Forum Moderators: phranque

Message Too Old, No Replies

ZenCart Bad Redirection Advice

         

g1smd

8:15 pm on Mar 1, 2010 (gmt 0)

WebmasterWorld Senior Member 10+ Year Member Top Contributors Of The Month



Found in the 'extras' folder of a ZenCart install that I had the 'pleasure' of fixing up last week...

Filename: htaccess_for_page_not_found_redirects.htaccess


# replace www.EXAMPLE.COM with your website address.
# be sure to add any extra paths required to locate the index.php
# then relocate this file to the root of your store's folders, and rename it as .htaccess

ErrorDocument 404 http://www.EXAMPLE.COM/index.php?main_page=page_not_found


The above code forces a 302 redirect; the browser makes a new request for that new URL and if a '200 OK' HTTP status code is then returned, the 'non-existent' pages will continue to be indexed.

Even if that second URL request does result in a '404 Not Found' HTTP status code being returned, the prior 302 redirect has already done the damage in not directly returning a 404 status at the originally requested URL.

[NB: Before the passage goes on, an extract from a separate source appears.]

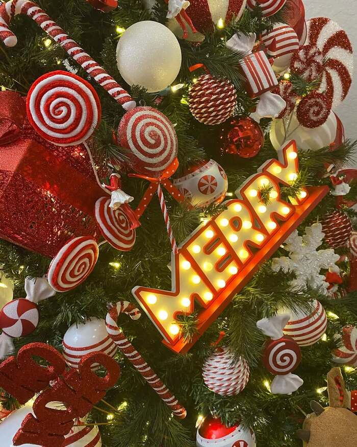 The marquee sign is the hero. Hang it slightly off center so the tree doesn’t feel stiff. Wire it to two branches for safety. Fill gaps with glitter ribbon in candy cane stripes. When you’re decorating the Christmas tree in this style, tinsel garland actually works again. Who knew. Add a red tree skirt with a white border so it echoes the candy circles. These christmas tree decorations are pure joy, and they photograph so cute for Christmas cards.
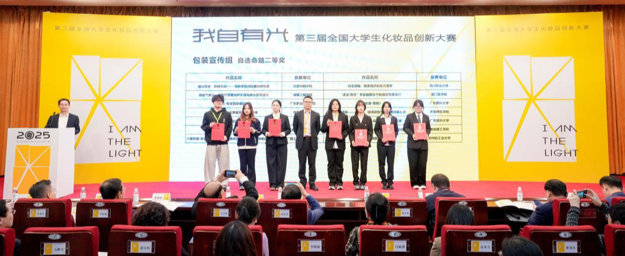 近日,由教育部高等学校轻工类专业教学指导委员会指导,中国日用化工协会、北京工商大学主办的第三届全国大学生化妆品创新大赛全国总决赛在暨南大学举行。印刷与包装工程学院8支团队从全国600余支参赛队伍中脱颖而出,共斩获全国总决赛二等奖2项、三等奖6项。

That code should, of course, be:

ErrorDocument 404 [b]/[/b]index.php?main_page=page_not_found


at the very least, but in case of failure of the PHP scripting itself, the error document would be much better off as a static HTML file.

I am now wondering how many tens of thousands of sites have this incorrect code installed?

g1smd

12:12 am on Mar 2, 2010 (gmt 0)

WebmasterWorld Senior Member 10+ Year Member Top Contributors Of The Month



Site has a large number of
http://www.example.com/index.php?main_page=popup_image&pID=48000 
type URLs indexed.

These are popup images linked from product pages. When visited from SERPs, they have no way to un-popup, and no links back to the product page, the category page or the root index page of the site. There's no way into the rest of the site from these things.

One swift fix was to simply add:

Disallow: /?main_page=popup_image
Disallow: /index.php?main_page=popup_image


to the robots.txt file.

g1smd

7:59 am on Mar 2, 2010 (gmt 0)

WebmasterWorld Senior Member 10+ Year Member Top Contributors Of The Month



I can visibly see that pages are slow to load and/or render beyond loading the top header and left side navigation.

Google WebmasterTools says this particular site is slower than 80% of other sites on the web. It says some pages are taking up to 12 seconds to load. While I don't think that number is right, the site certainly needs speeding up.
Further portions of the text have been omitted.